Neither does thinking that the services are terrible, or unnecessary, or that some others should be provided, constitute a basis for engaging in tax avoidance. There is a system for exercising these complaints; it is called democracy.

Barclays Bank claimed in its defence that it had voluntarily disclosed the tax avoidance that it was undertaking to HMRC and that it had been advised by tax professionals and lawyers that what it was doing was perfectly legal. Well, things can be legal, but that doesn’t necessarily mean they are morally right.

In fact, I think they were downright unsavoury. Barclays had not only proclaimed its desire to be a “good corporate citizen” but had signed a code of conduct that it would not embark on tax planning that aims to achieve a tax result that is contrary to the intentions of parliament. Arguably, this is precisely what it did do, and in so doing it achieved a competitive advantage over rival banks with more scruples.

Had it continued down this route, it would have forced other banks to follow, two of which, RBS and Lloyds, are majority owned by us, the taxpayers. We would have become complicit in a tax dodge for which we would have had to pay more of our own income in taxes to compensate for the taxes Barclays was avoiding. This isn’t corporate citizenship, it is a perverse Robin Hood act of robbing the poor to help the rich.

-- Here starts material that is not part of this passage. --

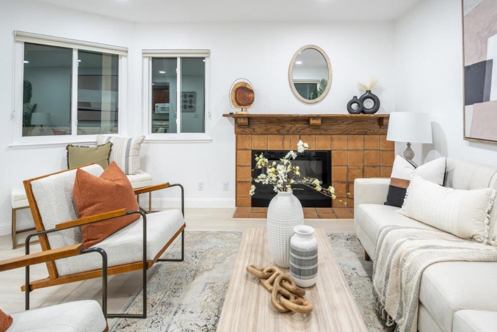 An incredible chance to own this charming condo in serene Lakeside Commons. This two-story home offers 2 bedrooms, 2 bathrooms, and 1,212 SF of living space on a 1,980 SF lot. External stairs lead to a deck entrance opening to a bright, airy floorplan. The interior boasts new paint and flooring, while the spacious living room is filled with natural light through dual-pane windows. The recessed lighting and electric fireplace create a cozy atmosphere. The semi-open kitchen has modern appliances including brand new refrigerator, granite countertops, and a dining area with built-in cabinets. Sliding doors open to a balcony overlooking the pool. First floor also offers a bedroom, bath, and laundry with a washer/dryer. Upstairs features a bedroom with a closet, en-suite bathroom with a standing shower, tiled walls, and a vanity. Additional amenities: 1-car garage, designated carport, pool, spa, gardens, ponds, guest parking. Located in desirable Cambrian Park, very close to Los Gatos downtown with San Jose prices. Walking distance to top schools such as Carlton/Union/Leigh. Nearby Norman Y. Mineta Highway, parks and hospitals provided convenient commuting and living.

Exactly the same argument applies, even more strongly, to pop stars, footballers and celebrities also engaged in tax avoidance. This country has given them the security and the stage for them to develop their talents and earn a fortune; they should pay their taxes so that future generations can follow in their path. Anything else is simply selfish sneering at us poor mugs.

So all praise to Graham Aaronson and his proposed GAAR. I hope Mr Osborne applies it until some grotesquely obese pips squeak.